**Task to carry out**
What you give back must match the records below exactly, apart from the pictures, which are omitted.

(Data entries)
+ + + + + + +

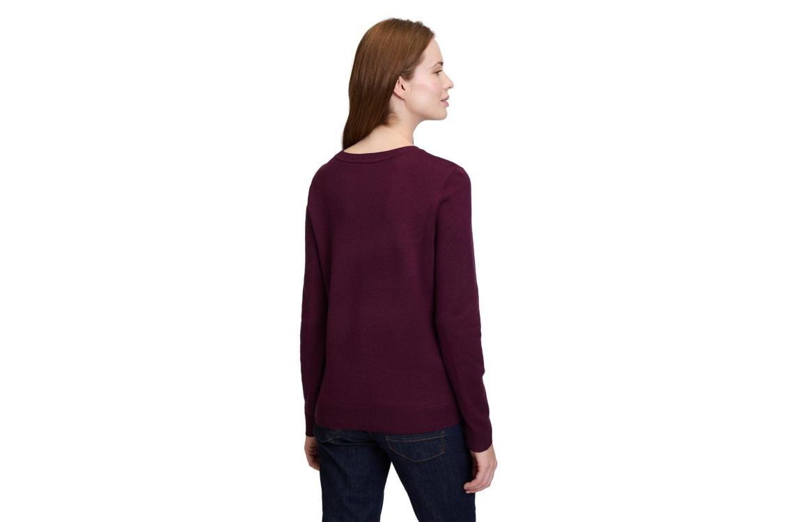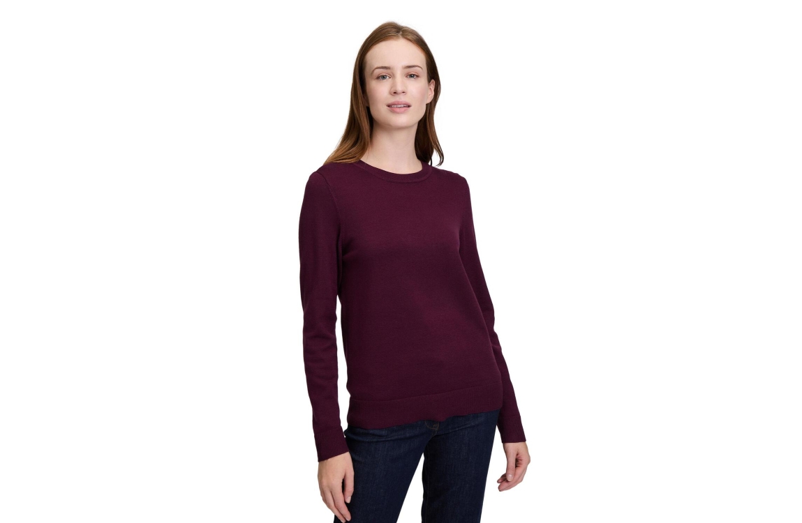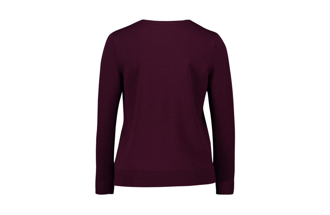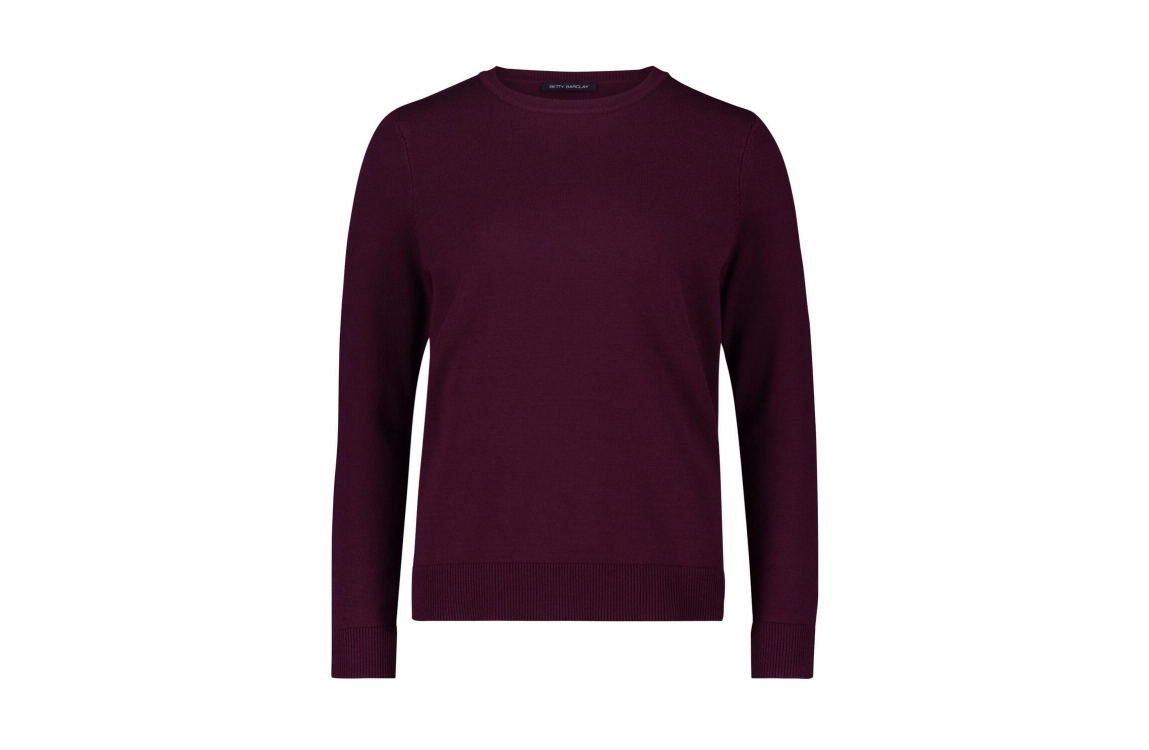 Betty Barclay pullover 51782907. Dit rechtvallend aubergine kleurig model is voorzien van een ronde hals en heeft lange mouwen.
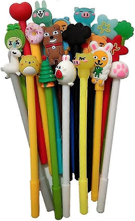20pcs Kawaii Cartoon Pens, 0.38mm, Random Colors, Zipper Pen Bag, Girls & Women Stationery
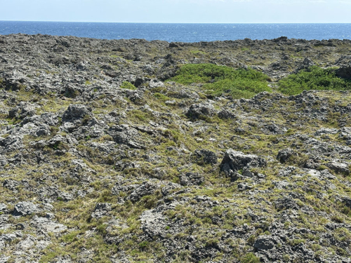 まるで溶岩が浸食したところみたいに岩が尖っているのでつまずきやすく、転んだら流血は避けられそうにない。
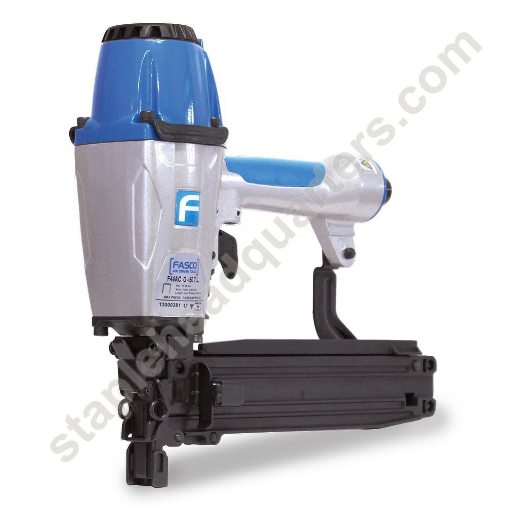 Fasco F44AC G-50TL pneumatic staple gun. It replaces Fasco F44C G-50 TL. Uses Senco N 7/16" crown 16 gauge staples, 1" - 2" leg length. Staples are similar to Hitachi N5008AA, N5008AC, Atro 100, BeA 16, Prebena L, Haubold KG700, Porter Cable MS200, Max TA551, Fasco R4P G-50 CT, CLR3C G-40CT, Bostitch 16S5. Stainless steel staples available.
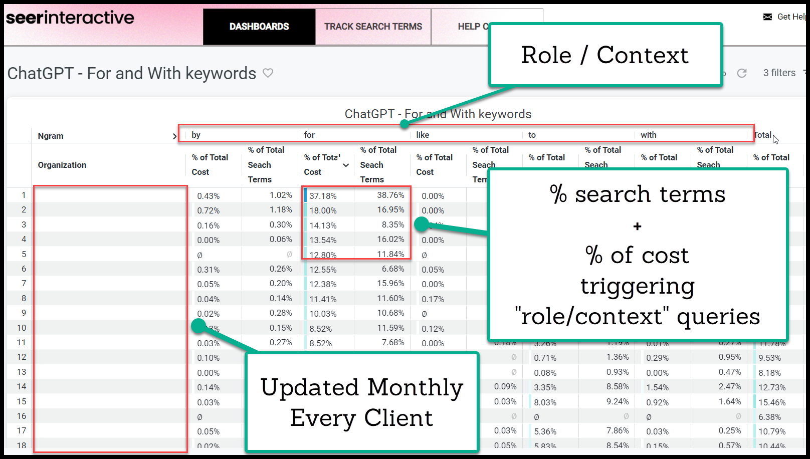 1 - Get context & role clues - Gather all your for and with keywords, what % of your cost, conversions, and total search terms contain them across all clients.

+ + + + + + +

**Response to the exercise**
 Betty Barclay pullover 51782907. Dit rechtvallend aubergine kleurig model is voorzien van een ronde hals en heeft lange mouwen.
20pcs Kawaii Cartoon Pens, 0.38mm, Random Colors, Zipper Pen Bag, Girls & Women Stationery
 まるで溶岩が浸食したところみたいに岩が尖っているのでつまずきやすく、転んだら流血は避けられそうにない。
 Fasco F44AC G-50TL pneumatic staple gun. It replaces Fasco F44C G-50 TL. Uses Senco N 7/16" crown 16 gauge staples, 1" - 2" leg length. Staples are similar to Hitachi N5008AA, N5008AC, Atro 100, BeA 16, Prebena L, Haubold KG700, Porter Cable MS200, Max TA551, Fasco R4P G-50 CT, CLR3C G-40CT, Bostitch 16S5. Stainless steel staples available.
 1 - Get context & role clues - Gather all your for and with keywords, what % of your cost, conversions, and total search terms contain them across all clients.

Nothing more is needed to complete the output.